Last July, I bemoaned the fact that there was no health IT component to the health care reform proposals then under consideration. In that iHealthBeat column, I urged Congress to go beyond the provisions of the American Recovery and Reinvestment Act of 2009 and HITECH to recognize that other health care providers, in addition to hospitals and doctors, could benefit from health care IT investments, specifically the long-term care (LTC) community.
Well, what do you know, sometimes you get what you wish for.
Health IT Funding for Long-Term Care Facilities
Remarkably, the Patient Protection and Affordable Care Act (PPACA), includes a grant program for long-term care facilities. That there is any such program is a victory worth celebrating. But before anyone starts popping corks, let's recognize that this is a pretty small victory worthy of a small celebration.
To Congress' credit, PPACA addresses a range of issues pertinent to assuring the availability of long-term care for older Americans and people with disabilities. Embedded in those provisions is a Certified EHR Technology Grant Program for LTC facilities.
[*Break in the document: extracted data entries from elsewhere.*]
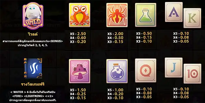 - สัญลักษณ์ คัมภีร์ = WATER 6 อันขึ้นไปได้รับฟรีสปิน FTRE, LIGHTNING, +1
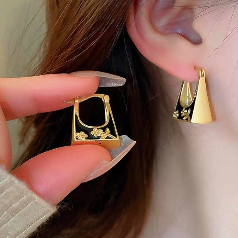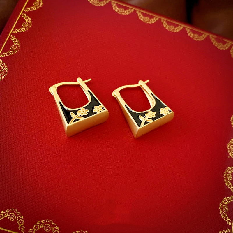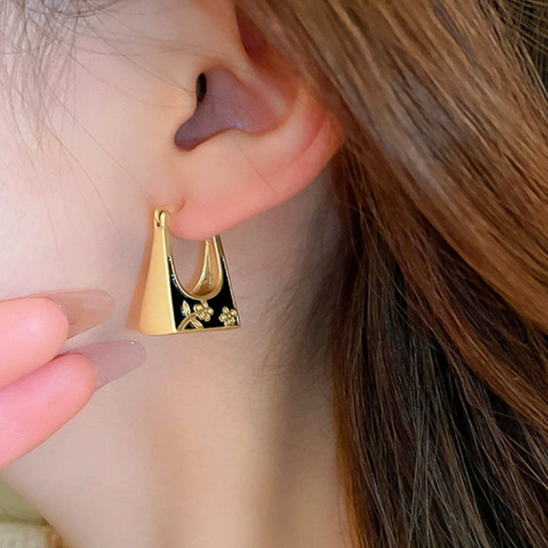 Silver Post 14K Gold-Plated Black Bag Flower Earrings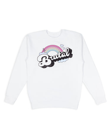 Crafted with thick, heavy-weight fabric, this white oversized crewneck features the word "Brutal" in bubbly, distressed letters accented by a vibrant rainbow and hearts.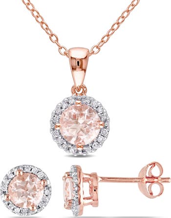 Show off elegant sparkle with this rosy necklace and earrings set illuminated by round-cut morganites framed by dainty diamond halos.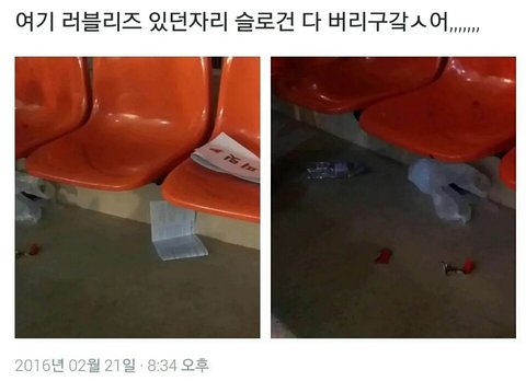 짹쓰니의 글로 오해가 생긴건 맞지만 러블리즈가 공연 시작 5분전에 과자 사와서 공연 시작해서도 과자 먹은 거 맞고 슬로건 자리에 다 놓고 간 것도 맞아 자리만이 아니라 바닥에도 버려져 있었어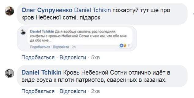 Например, пользователей Михаил Губа написал: “То чувство, когда уже давно закидывалась кислотой”. Таким “забавным” образом он отвечал на эмоциональный пост Екатерины о людях, голосовавших за Порошенко. “Кто убил Кеннеди”, – юморит Татьяна Мисиюк. А вот Данил Чикин угрожает всем тем, кто высказывается негативно о Порошенко приготовиться к участи Екатерины Гандзюк.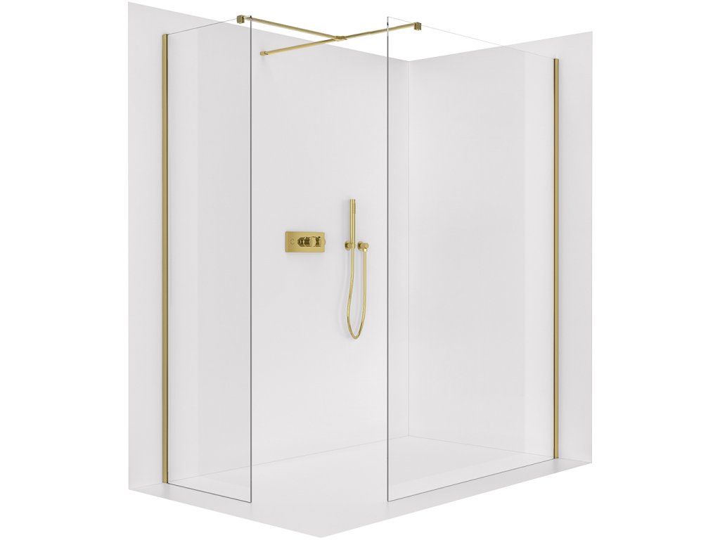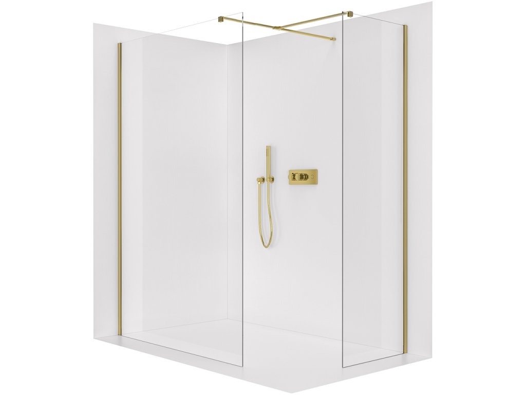 CERANO - Ścianka kabiny prysznicowej typu walk-in Onyx TL/P - 8 mm - wspornik kwadratowy - złoty, szkło transparentne - 70x60x200 cm

Under this program, the secretary of HHS is authorized to make grants to LTC facilities for the purpose of purchasing, leasing, developing and implementing certified electronic health record technology designed to improve patient safety and reduce adverse events and health care complications resulting from medication errors.
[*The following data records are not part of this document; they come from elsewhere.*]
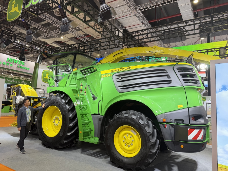 走进技术装备展区,美国农业机械设备龙头企业约翰迪尔的展台“压迫感”十足,展品8600型号青贮机超3米的高度加上6米多的车身长度,几乎占满整个展台。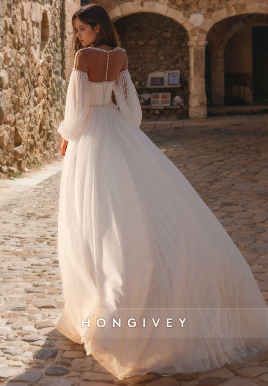 A-Line Sweetheart Long Sleeve Lace Applique Tulle Wedding Dress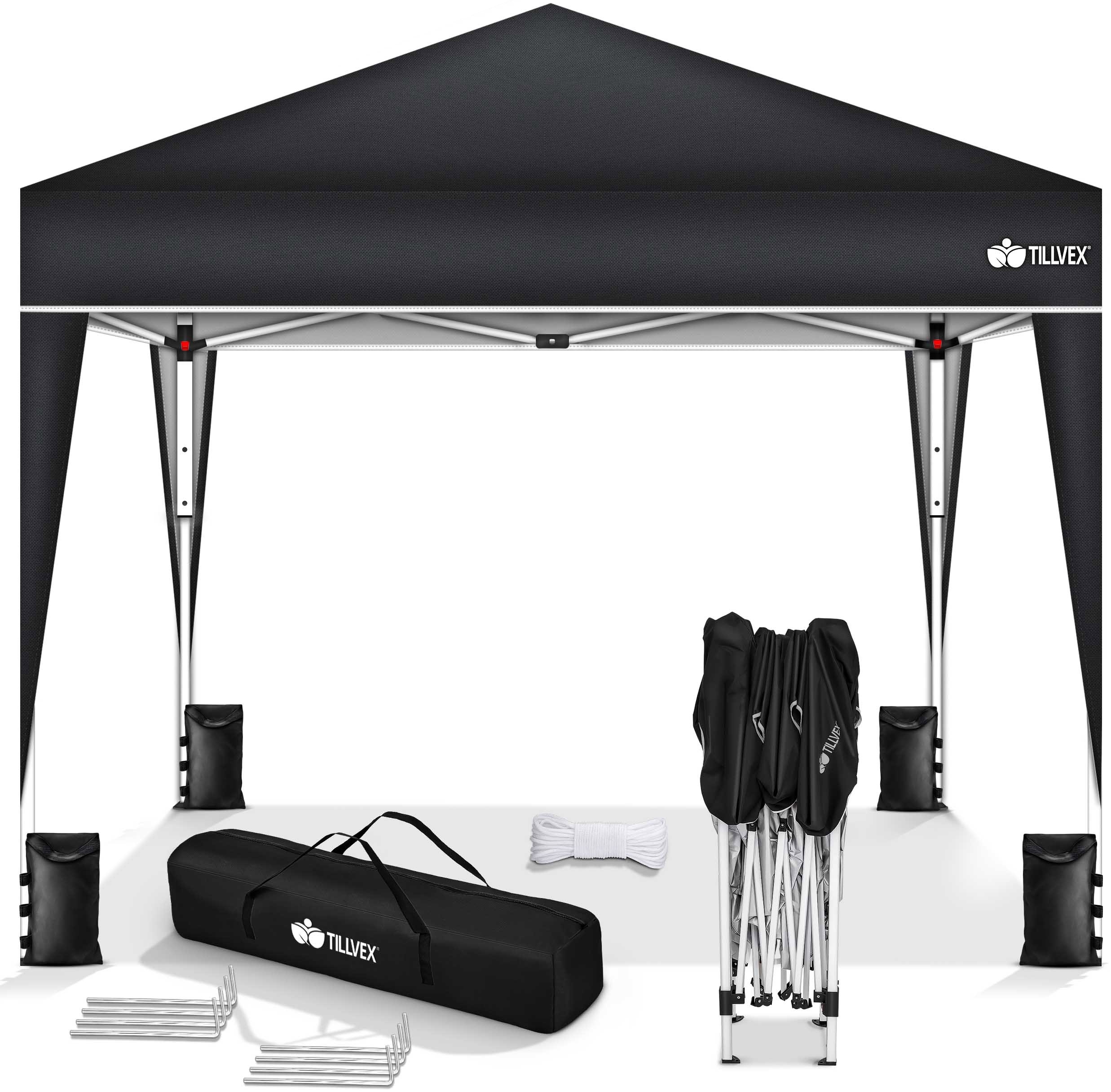 | Name | tillvex Pop-Up Faltpavillon mit Tasche, wasserdicht, höhenverstellbar & UV Schutz 50+, Stahl / Polyester, 3x3 m, Schwarz |

Grant funds can be used for a wide array of purposes including:
- Purchasing, leasing, and installing software and hardware, including handheld computer technologies;
- Improving existing software and hardware;
- Upgrading existing software and hardware to enable e-prescribing; and
- Training facility staff to use such technology.
Grant recipients are required to participate in health information exchanges. Importantly, PPACA also directs the HHS secretary to adopt transaction standards for LTC clinical data.
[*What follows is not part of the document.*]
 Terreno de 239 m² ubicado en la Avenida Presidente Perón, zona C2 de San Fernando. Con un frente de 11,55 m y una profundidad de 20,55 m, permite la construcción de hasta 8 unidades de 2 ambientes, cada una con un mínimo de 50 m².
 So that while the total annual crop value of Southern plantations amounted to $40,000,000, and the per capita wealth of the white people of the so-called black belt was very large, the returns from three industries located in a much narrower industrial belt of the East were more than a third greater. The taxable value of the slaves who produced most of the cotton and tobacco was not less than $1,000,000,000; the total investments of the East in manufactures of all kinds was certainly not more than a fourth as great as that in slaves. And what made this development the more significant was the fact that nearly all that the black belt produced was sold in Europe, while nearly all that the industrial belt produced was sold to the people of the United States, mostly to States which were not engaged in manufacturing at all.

But, curiously given the time frames for other HIT program implementation, Congress gave the secretary 10 years -- TEN YEARS!! -- to have procedures in place to accept the electronic submission of clinical data by LTC facilities.
So, how much money did Congress allow for this important expansion of HIT into the long-term care community? NOT MUCH! PPACA authorizes $20,000,000 for the program in fiscal year 2011, $17,500,000 in FY 2012 and $15,000,000 per year in FY 2013 and 2014. (For those unschooled in the mystery language of federal spending, authorization for spending is not spending. As in this case, authorizing spending essentially allows the appropriations committees to actually permit the relevant agencies to commit funds and cut checks.)
Assuming the appropriators act on the authorization, HHS will have the grand sum of $67.5 million to fund HIT in LTC facilities. Of course, I'll take what I can get, but come on! Compared with the $30 billion for HIT "meaningful use" incentives for doctors and hospitals, this will hardly touch the need.
There are approximately 16,000 nursing homes in the country. If every nursing home received an equal share of the total available funds, each would get $4,200. That is not going to wire the LTC system.
Hopefully, HHS Secretary Kathleen Sebelius will use her discretion wisely to focus these limited dollars, get the states to chip in a fair share (the states bear roughly half the cost of LTC), engage the vendor community in developing LTC focused technologies (not just to deploy in facilities, but more importantly, to deploy in communities so as to avoid unnecessary institutionalization) and challenge the LTC providers to leverage the paltry federal funds PPACA authorized.
The Threat to HIT
To my friends in the HIT community -- PAY ATTENTION!
PPACA includes provisions which -- depending on the decision of the secretary of HHS -- could undermine economic support for health IT. Congress, for the first time, set standards for the proportion of each premium dollar that must be spent on medical care. In the insurance world, this proportion is inartfully referred to as the "medical loss ratio."
To address its concern that health plans have been spending too much on administrative costs and profits, Congress requires that health plans in the large group market have an MLR of no less than 85%. Those in the small group and individual markets must have an MLR of 80%. Medicare Advantage plans must also meet the 85% requirement.
Those that fail to meet these requirements will face a variety of serious penalties. Plans would have to rebate the excess administrative spending, commercial plans could be excluded from competing in state health insurance exchanges and MA plans could be barred from enrolling new members or even kicked out of the program.
Requiring plans to spend more of each premium dollar on medical services is pretty appealing. But, as with all policies relating to health care, the devil is in the details. In this case, there are activities, technologies and services that might not neatly fall into either the medical care bucket or the administrative expense bucket. Health care IT is one of those items (others include clinicians who never see a patient but are directly involved in care coordination, case management and the development of clinical protocols).
Depending on how Sebelius allocates clinical health IT, she will either create an incentive for health plans to invest in HIT or a disincentive. Plans will aggressively manage their administrative expenses to ensure they meet the MLR threshold. If clinical HIT is considered an administrative expense, the economic incentives will be to spend less in that area. If that happens, much of the momentum resulting from the Recovery Act and its HIT meaningful use incentive programs will be eroded.
I believe that Sebelius will make the right decision. Clearly, she understands how important HIT is to realizing a data-driven health care system. But it would not hurt for those in the HIT community to let HHS know their views on this subject.